Get Your Game Face On

July 27, 2012
Eric Postal, MD

It’s just about time to sit down to your daily stack of cases. How primed are you for the work?

It’s just about time to sit down to your daily stack of cases. How primed are you for the work?

A lot of things feed into this - how you slept the previous night, whether your last couple of meals are agreeing with you, if you’re under the weather at all, and what sorts of phone calls, mail, or other human interactions you fielded before firing up your reading station.

If you work in a conventional brick-and-mortar job, you’ve got other potential factors: The quality of your commute and parking, how many issues were waiting for you when you arrived (whether verbally delivered by office staff or unceremoniously piled on your desk), etc. On the other hand, these daily routines can serve as an almost ritualistic series of events which get you “in the zone” so you’re tuned in to reading studies as opposed, say, to thinking about your plans for the upcoming weekend.

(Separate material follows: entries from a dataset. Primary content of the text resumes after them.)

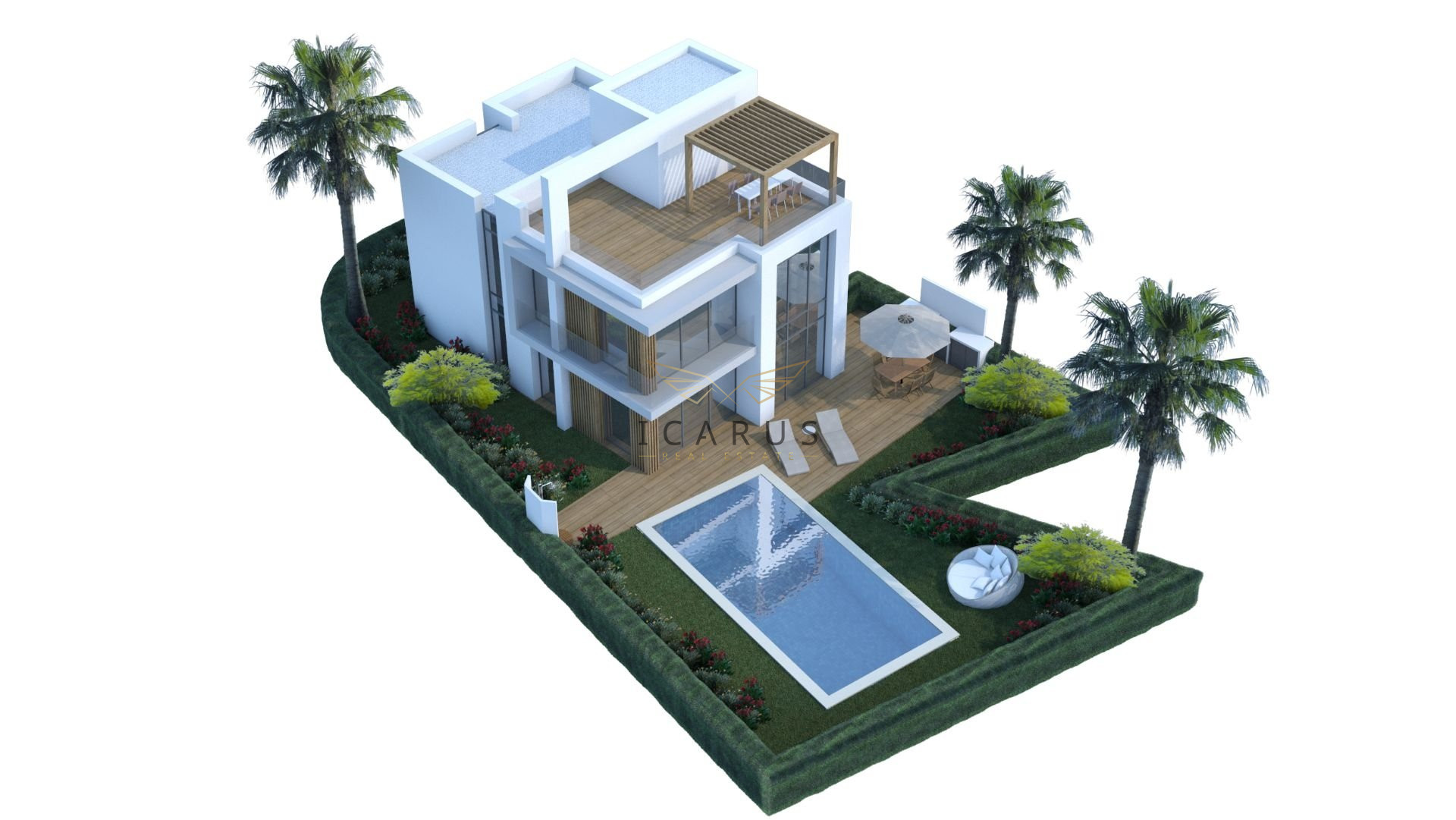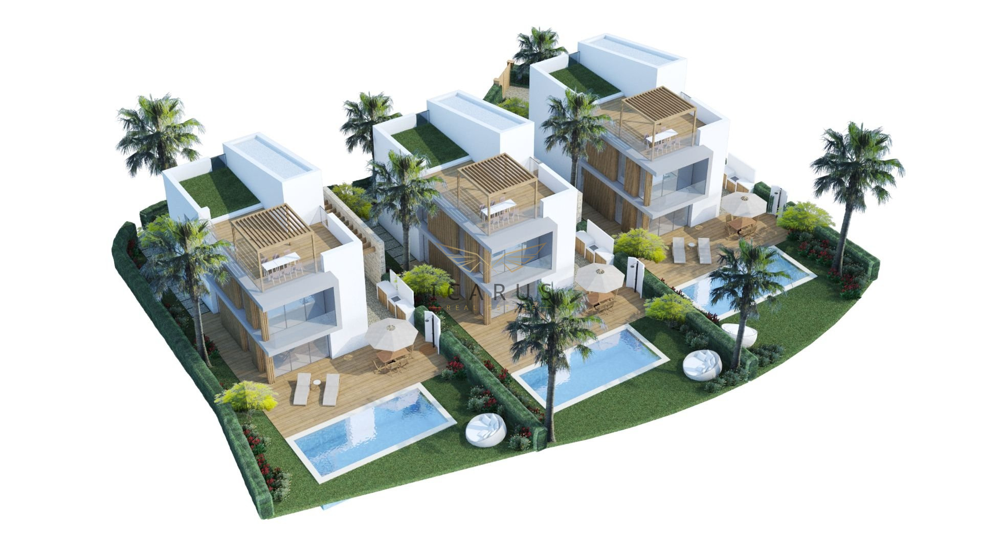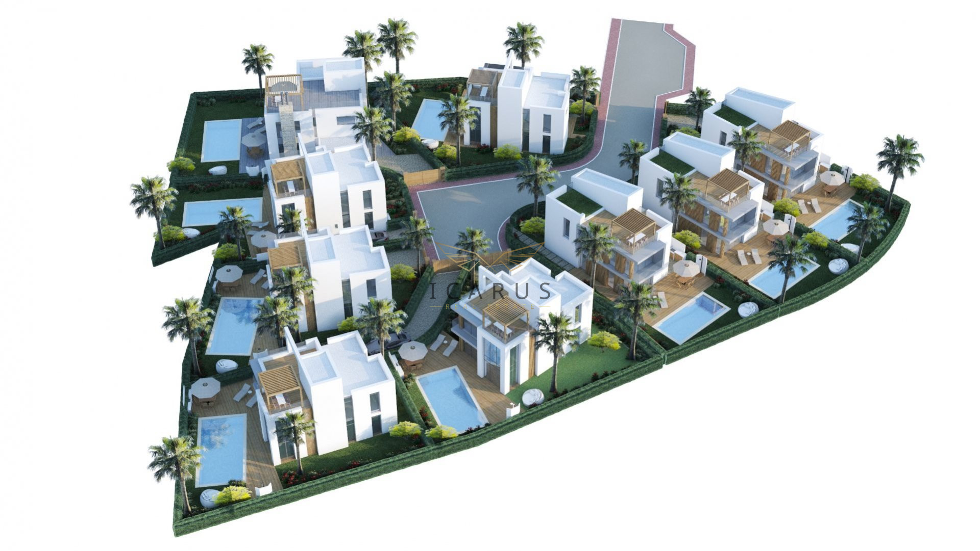 | Reference | Type | Floors | Parking spaces | Bedrooms | Bathrooms | Basement | Pool | Covered m2 | Covered veranda m2 | Covered parking m2 | Roof garden m2 | Plot m2 | VAT | Price | |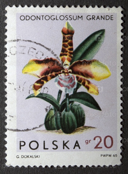 Почтовая марка Польши 1965 года. Россиоглоссум большой (Odontoglossum grande или Rossioglossum grande). Орхидея. Почтовая марка с выключением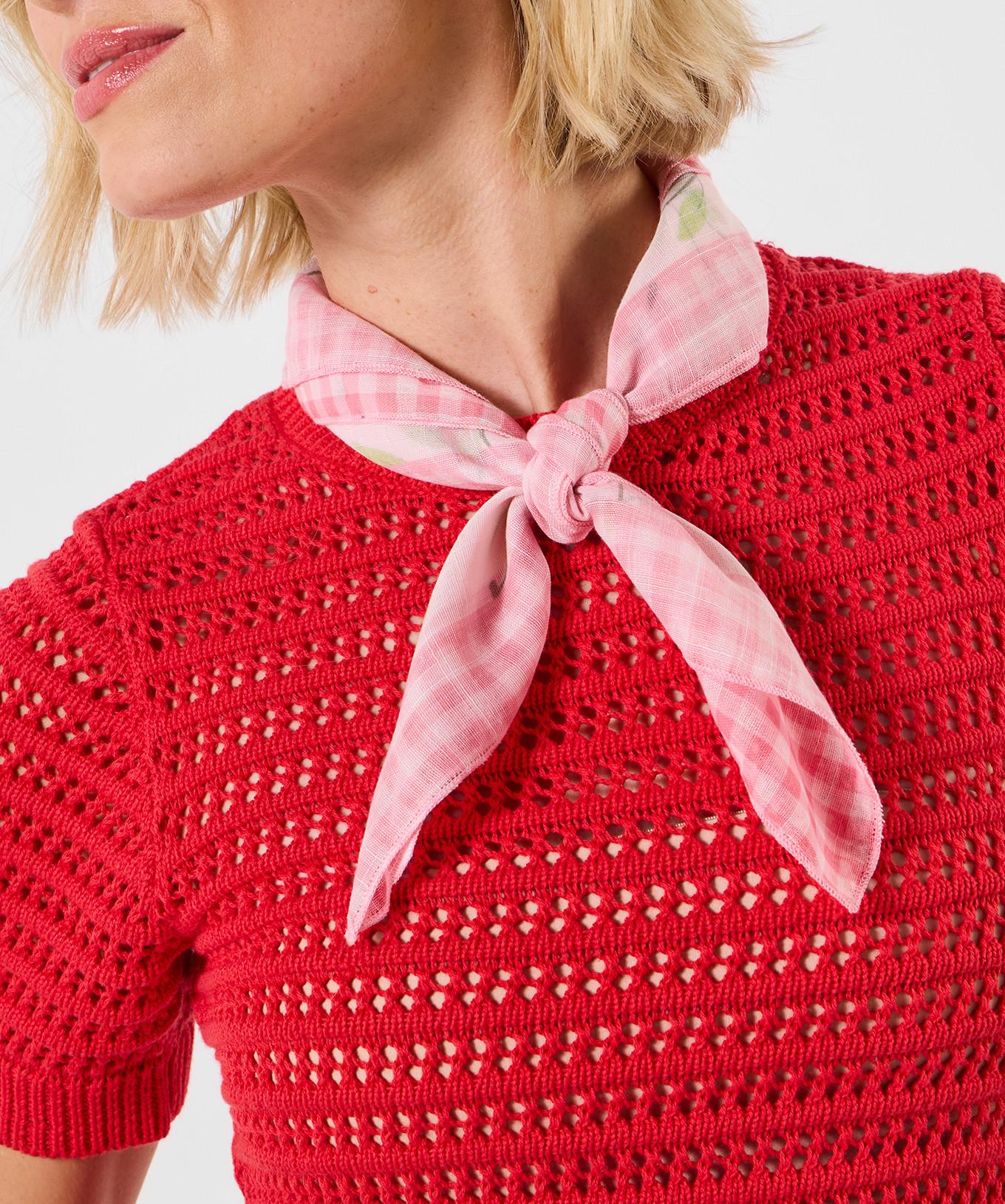 Dieses Halstuch mit Kirschmotiv setzt einen nostalgischen Akzent und ergänzt frühlingshafte Kombinationen.

If, like me, you’ve switched to teleradiology and are working from a home office, there’s less of a routine to transition you into productivity mode; you just hit a button, and the caseload is ready to go. This is generally regarded as one of the strengths of a telerad position. Mentally, however, you might not be set to hit the ground running.

For instance, if you were just watching something on TV and had to pause because it was time to start working, you might be looking at CTs but thinking of whatever entertainment got truncated. Same thing if you were reading a good book or having a nice catching-up phone chat with a friend or relative. If you hastily scarfed down some food just before logging in, you might be in a postprandial daze.

Starting your daily work with a sense of being in mental slow motion might not bother you. Maybe the dynamics of your job don’t place much value on productivity (or you don’t mind getting behind the eight ball and routinely struggling to catch up during subsequent hours). Or you don’t personally care so much about your bottom line, and are willing to produce/earn less during the early part of your shift. I tend to get a little vexed when my first hour is gone and I have fallen behind the pace I like to maintain.

Slowly but surely, I’ve developed a little getting-in-gear routine that takes place over the course of the hour preceding my work. It’s not worth going into detail over it, because what works for me surely won’t apply to everyone. A fresh brew of coffee is involved, coupled with whatever minor tasks I have around the house that can get done in a matter of minutes - paying bills, taking out the trash, etc. I suppose such quickly dispatched chores get me in the proper frame of mind. I go from checking off my domestic deeds to signing off cases.

Not all that long ago, I heard about a professional writer (famous or not, I can’t recall) who does something similar. Even though his work is even less structured than ours - he can write whenever he chooses, as his publishers aren’t awaiting his output quite as eagerly as the ERs are for ours - he formally gets ready for work each day. Sets his alarm, has his breakfast, and actually dresses in a shirt and tie before sitting at his computer to begin the day’s typing. A perfect example of how individualized this prepping process can be: For me, the day I stopped having to wear a tie while working was one of the best of my career.